┌────────

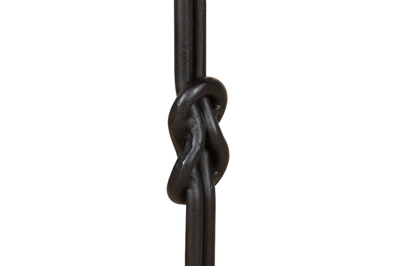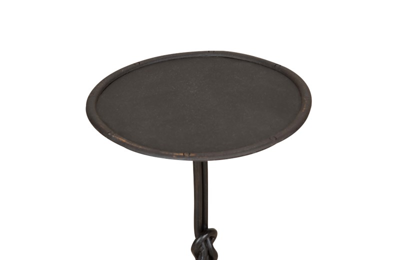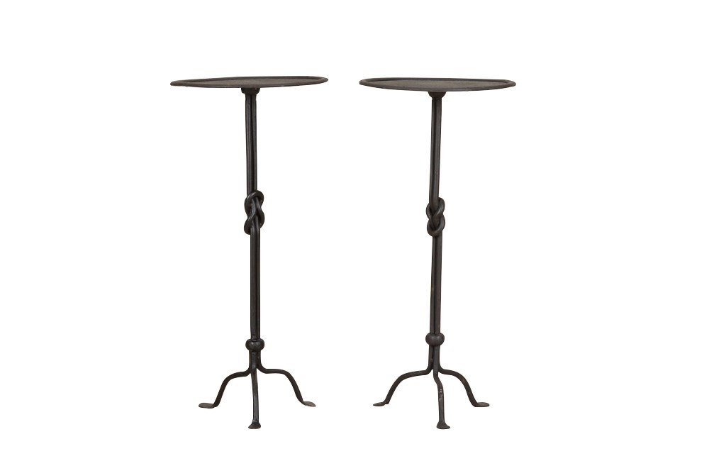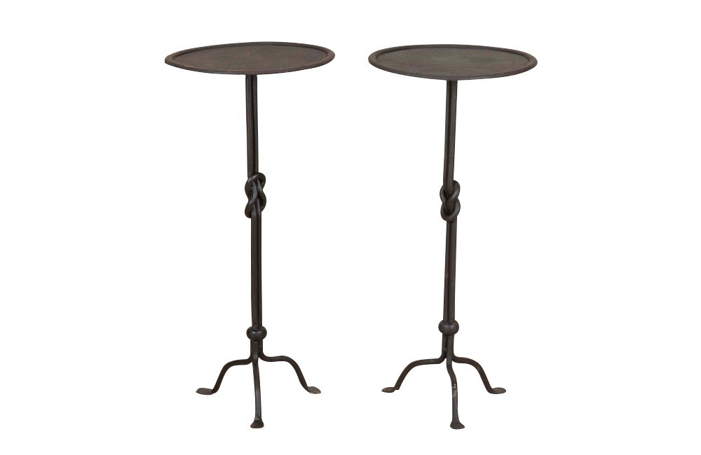 Each with double stem that terminates on a curved tripod base. These stylish iron occasional tables with knotted central design to the stem display great craftsmanship and decorative appeal.
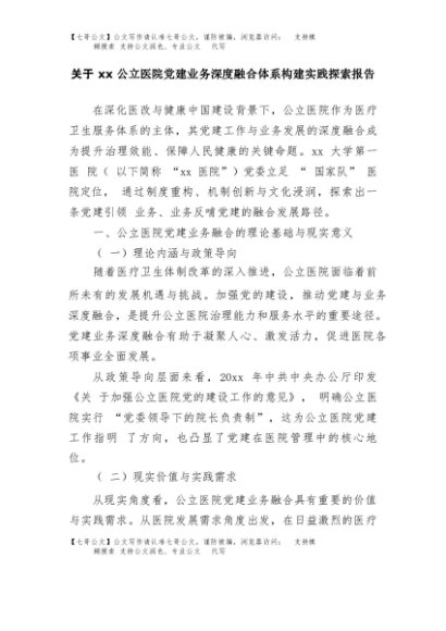 【七哥公文】2025年:关于xx公立医院党建业务深度融合体系构建实践探索报告+更多免费公文+VX:QiGeGongWen2024
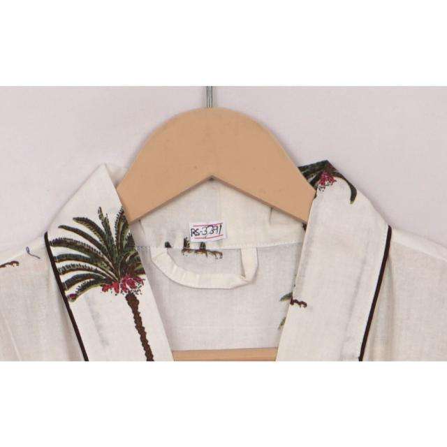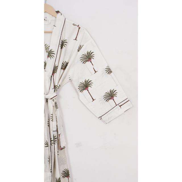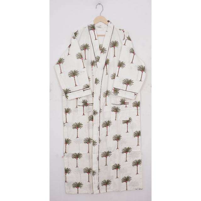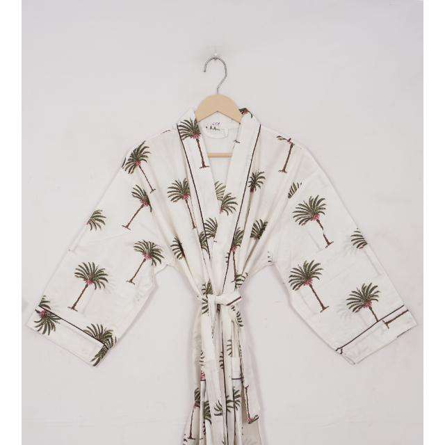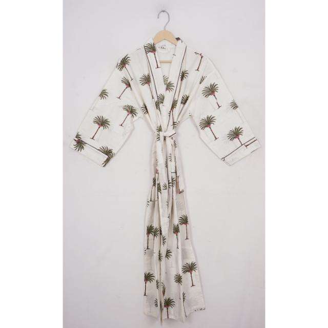 เสื้อคลุมกิโมโนผ้าฝ้ายลายดอกไม้สไตล์โบฮีเมียนเสื้อคลุมอาบน้ำพิมพ์ลายบล็อกยาวน้ำหนักเบาเสื้อคลุมเลานจ์ผูกเอวชุดคลุมสำหรับใส่ในรีสอร์ท
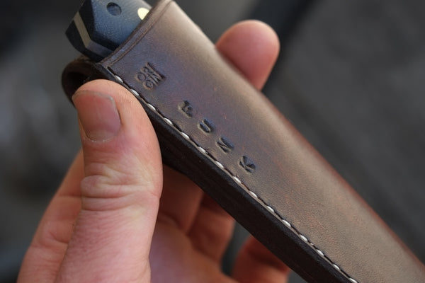 These TILI knives feature an ergonomic Micarta handle, held securely with durable brass bolts. It also is the only TILI version that comes with a leather pouch style sheath specifically built for carrying on your belt. The sheath comes in black or brown leather depending on your preference.

└────────

▶ _TASK TO CARRY OUT_
Using the data above, print every line exactly, omitting pictures.

▶ _ANSWER BELOW_
 Each with double stem that terminates on a curved tripod base. These stylish iron occasional tables with knotted central design to the stem display great craftsmanship and decorative appeal.
 【七哥公文】2025年:关于xx公立医院党建业务深度融合体系构建实践探索报告+更多免费公文+VX:QiGeGongWen2024
 เสื้อคลุมกิโมโนผ้าฝ้ายลายดอกไม้สไตล์โบฮีเมียนเสื้อคลุมอาบน้ำพิมพ์ลายบล็อกยาวน้ำหนักเบาเสื้อคลุมเลานจ์ผูกเอวชุดคลุมสำหรับใส่ในรีสอร์ท
 These TILI knives feature an ergonomic Micarta handle, held securely with durable brass bolts. It also is the only TILI version that comes with a leather pouch style sheath specifically built for carrying on your belt. The sheath comes in black or brown leather depending on your preference.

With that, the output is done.